IDS Intrusion Detection System
Published on Feb 21, 2020
A correct firewall policy can minimize the exposure of many networks however they are quite useless against attacks launched from within. Hackers are also evolving their attacks and network subversion methods.
These techniques include email based Trojan, stealth scanning techniques, malicious code and actual attacks, which bypass firewall policies by tunneling access over allowed protocols such as ICMP, HTTP, DNS, etc. Hackers are also very good at creating and releasing malware for the ever-growing list of application vulnerabilities to compromise the few services that are being let through by a firewall.

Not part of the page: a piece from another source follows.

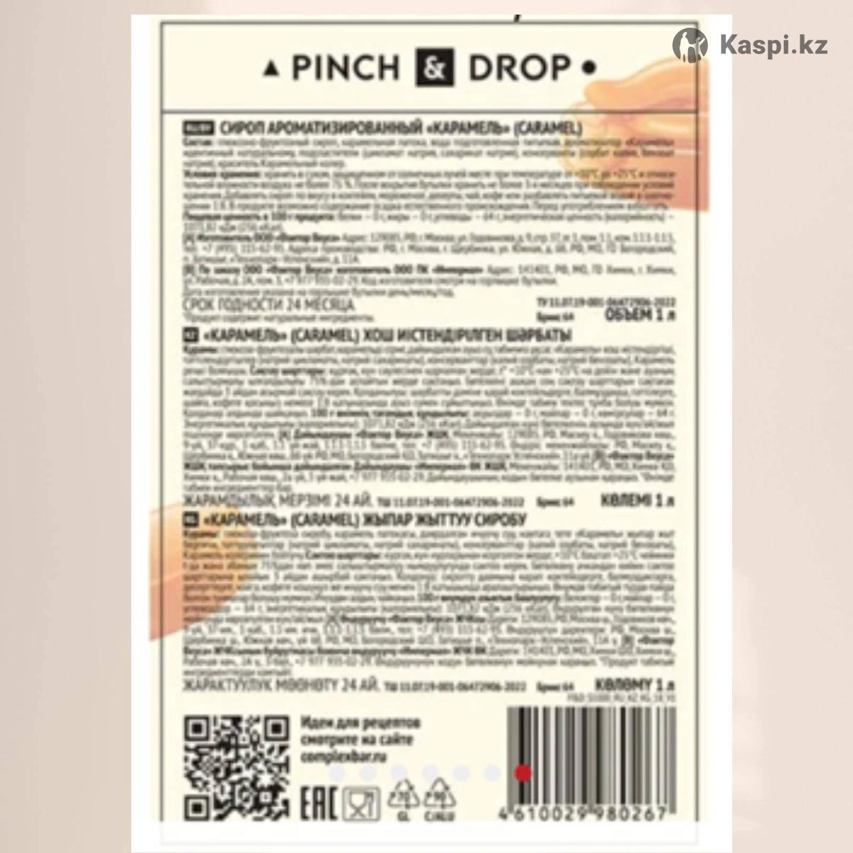 Сироп ароматизированный PINCH&DROP " Карамель". Для добавления в кофе, коктейли, мороженое, десерты, чай. Объем 1000 мл. В стеклянной бутылке. Производство: Россия. 1 шт. По г.Астане возможна доставка

IDS arms your business against attacks by continuously monitoring network activity, ensuring all activity is normal. If IDS detects malicious activity it responds immediately by destroying the attacker's access and shutting down the attack. IDS reads network traffic and looks for patterns of attacks or signatures, if a signature is identified, IDS sends an alert to the Management Console and a response is immediately deployed.
What is intrusion?
An intrusion is somebody attempting to break into or misuse your system. The word "misuse" is broad, and can reflect something severe as stealing confidential data to something minor such as misusing your email system for Spam.
What is an IDS?
An IDS is the real-time monitoring of network/system activity and the analysing of data for potential vulnerabilities and attacks in progress.
Need For IDS
Who are attacked?
Internet Information Services (IIS) web servers - which host web pages and serve them to users - are highly popular among business organizations, with over 6 million such servers installed worldwide. Unfortunately, IIS web servers are also popular among hackers and malicious fame-seekers - as a prime target for attacks!
As a result, every so often, new exploits emerge which endanger your IIS web server's integrity and stability. Many administrators have a hard time keeping up with the various security patches released for IIS to cope with each new exploit, making it easy for malicious users to find a vulnerable web server on the Internet. There are multiple issues which can completely endanger your Web server - and possibly your entire corporate network and reputation.
People fell there is nothing on their system that anybody would want. But what they are unaware of is that, there is the issue of legal liability. You are potentially liable for damages caused by a hacker using your machine. You must be able to prove to a court that you took "reasonable" measures to defend yourself from hackers. For example, consider if you put a machine on a fast link (cable modem or DSL) and left administrator/root accounts open with no password. Then if a hacker breaks into that machine, then uses that machine to break into a bank, you may be held liable because you did not take the most obvious measures in securing the machine.